— PROBLEM —
Print nothing except the lines of the listing below from the line with "Sharara Palazzo: Heavy" to the line with "Закордонний паспорт: 1147", each exactly as written, both ends included.

— DATA TO USE —
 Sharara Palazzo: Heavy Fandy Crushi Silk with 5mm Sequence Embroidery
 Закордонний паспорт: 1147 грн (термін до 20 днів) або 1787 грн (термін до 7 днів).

...

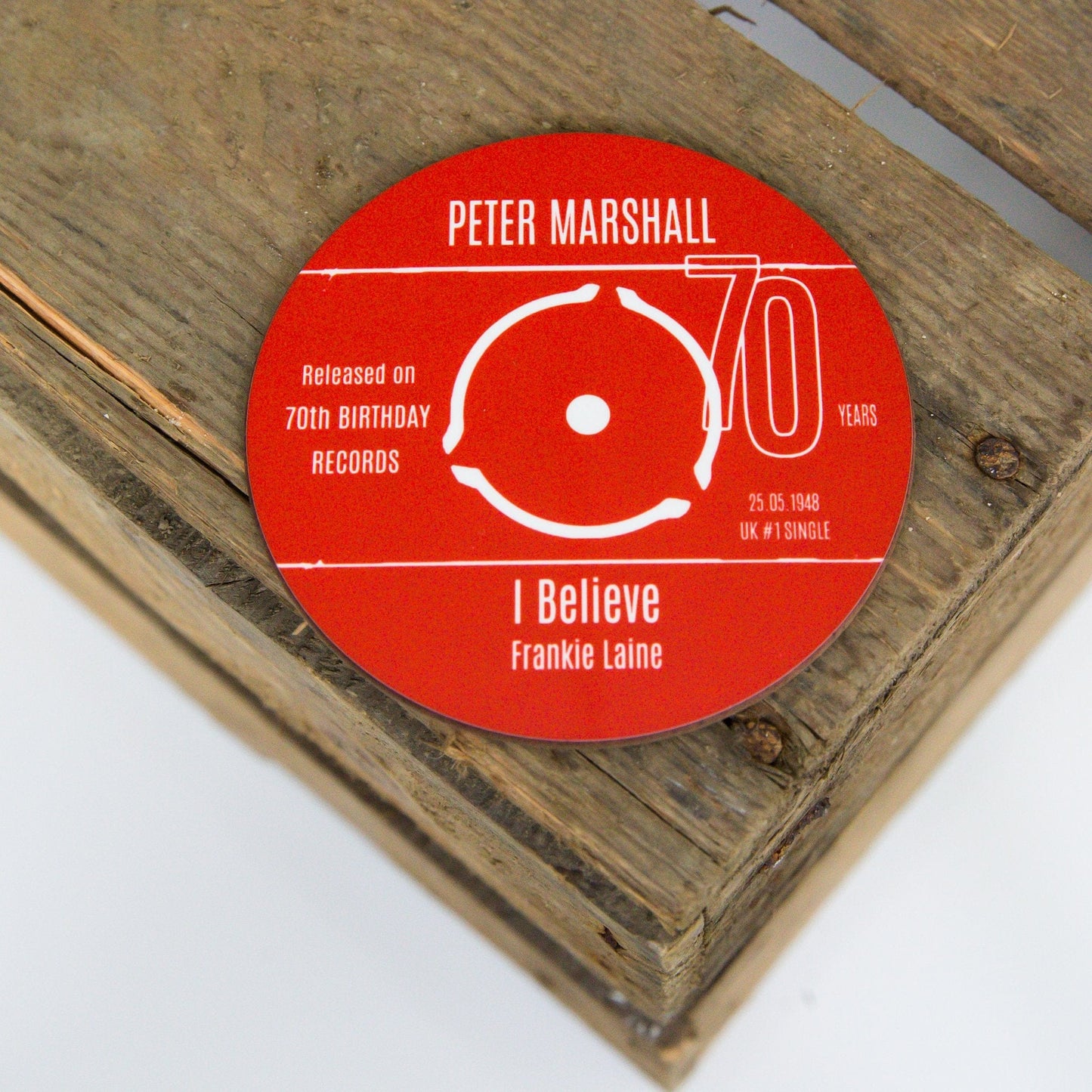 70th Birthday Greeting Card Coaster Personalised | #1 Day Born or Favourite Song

— TASK RESULT —
 Sharara Palazzo: Heavy Fandy Crushi Silk with 5mm Sequence Embroidery
 Закордонний паспорт: 1147 грн (термін до 20 днів) або 1787 грн (термін до 7 днів).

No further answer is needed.